Kevin & Theresa who married in 1951.

Patrick Joseph Kevin Crowley came into this world on March 17th 1921. An Irishman, born on the most auspicious of days, he was christened Patrick but was known, by everyone as Kevin. He was almost the baby of the family (only Eileen) being younger. He would tell stories of growing up in Friars Walk; of working in the garden, of Mickey the horse and his love of playing Hurling. As a child I had a rocking horse called Mickey and unusually for a boy living in London, there were always a couple of hurleys in the back garden. (with the ball invariably in next door’s garden) I have a Hurling medal dating back to 1939 when St. Finbarr’s won the Cork Minor Championship. He must have been quite a player!

After Leaving Cert. he studied for a B. Comm. at UCC. After qualifying, he went to work for Aer Lingus in Dublin. I have a photo of a very young Dad, with an address in Pembroke Road, Ballsbridge, on the back. He must have lodged there. Aer Lingus were expanding their operation into the UK and they wanted a young, single man to go to London to work. Dad fitted the bill and in 1948 he came to London. He knew a family called Burt who lived in Ruislip. He would spend a great deal of time with them and he met a friend of the family, Teresa Sweeney.
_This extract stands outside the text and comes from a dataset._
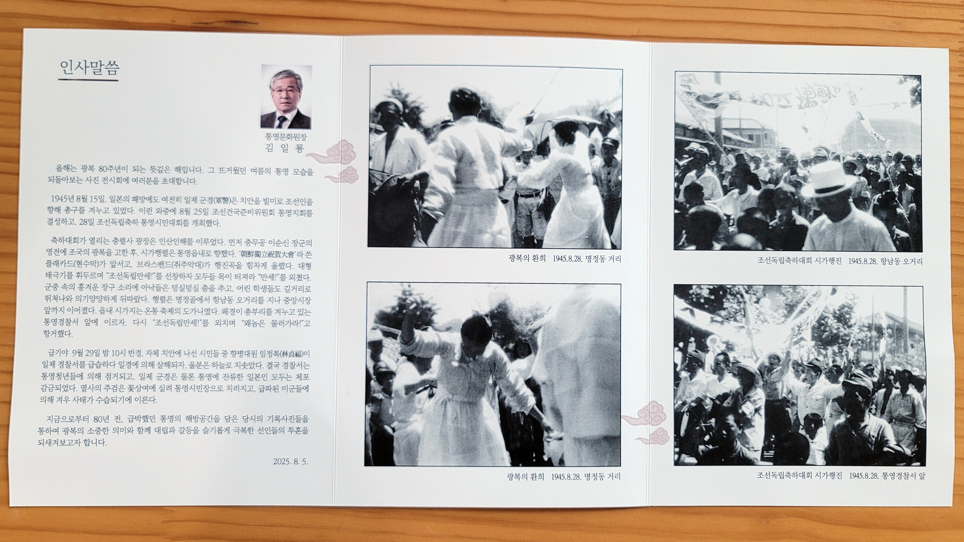 “80년 전 통영의 해방공간을 담은 당시의 기록 사진을 통해 광복의 소중한 의미와 함께 대립과 갈등을 슬기롭게 극복한 선인들의 투혼을 되새겨보자.”라는 김 원장의 전시회 인사말이 예사로 들리지 않습니다.
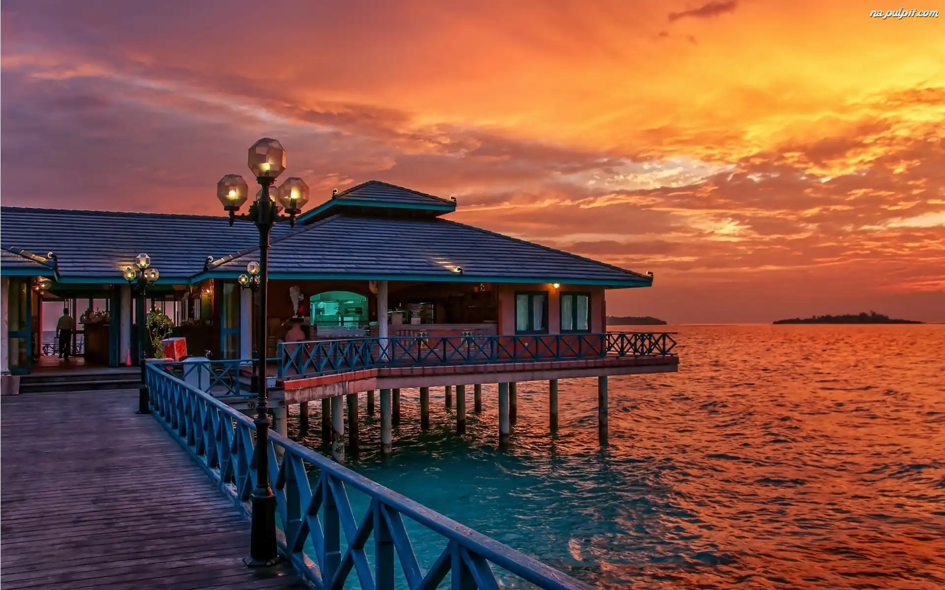 Malediwy, Zachód, Słońca, Wyspa, Restauracja, Ocean Na Pulpit

They were married in 1951, and the Burt’s daughter, Mary (now O’Connell) was bridesmaid. I came along in 1953.

Dad commuted to London every day, working firstly for Aer Lingus, Dan Air and finally Wimpey Construction. Early childhood memories are always dim but two things shine through. Dad had green fingers!! Our garden was his pride and joy; a cross between Kew Gardens and Croke Park. Terrific flowers but still a place to play Hurling! Secondly, Dad loved a good debate. Coming from an Irish family, living in London, he could always be relied on to give a different perspective to the one prevalent in the British media. From him, I have inherited my love of politics, economics and current affairs. My wife says that I am argumentative; I say I like to explore both sides!! With hindsight the seeds were sown during my childhood winters. Saturdays were spent watching the 5 Nations (pre Italy) Rugby and we would deliberately support different sides. How he would love it now, with a Welsh wife and a Scottish son in law? At least we agree on everyone beating France!

He may have lived in England but Dad was a fiercely patriotic Irishman. The Cork Weekly Examiner would arrive, as would the shamrock on St. Patrick’s Day and he never lost his Cork brogue. My wife is Cathy; he never mastered the pronunciation of that and she was always “Ka-te”. I can hear it now.

The last years of Dad’s life were marred by terrible ill health. My mother was a saint in the way she looked after him. She let her own health slide and I found out later, left a breast cancer untreated. They died within three years of each other.

Dad has been gone for almost 19 years now and thankfully the memories of him are good ones. I am determined to finish on a bright note, with two happy and thankfully everlasting memories. The first is of Dad as a Grandfather to our three children. He had the ability to walk into a room of well- behaved children and turn them into wild things in 15 minutes. He loved children and they loved him. The second memory goes back over 50 years. Dad went to America to do some work for Aer Lingus and he came back with a model aircraft he bought in New York. I was about 7 or 8 and to me it seemed enormous. Off we went to the field near us to fly it and he must have done a good job in building it as we spent the entire afternoon chasing after it. A memory from 50 years ago I will take to my grave.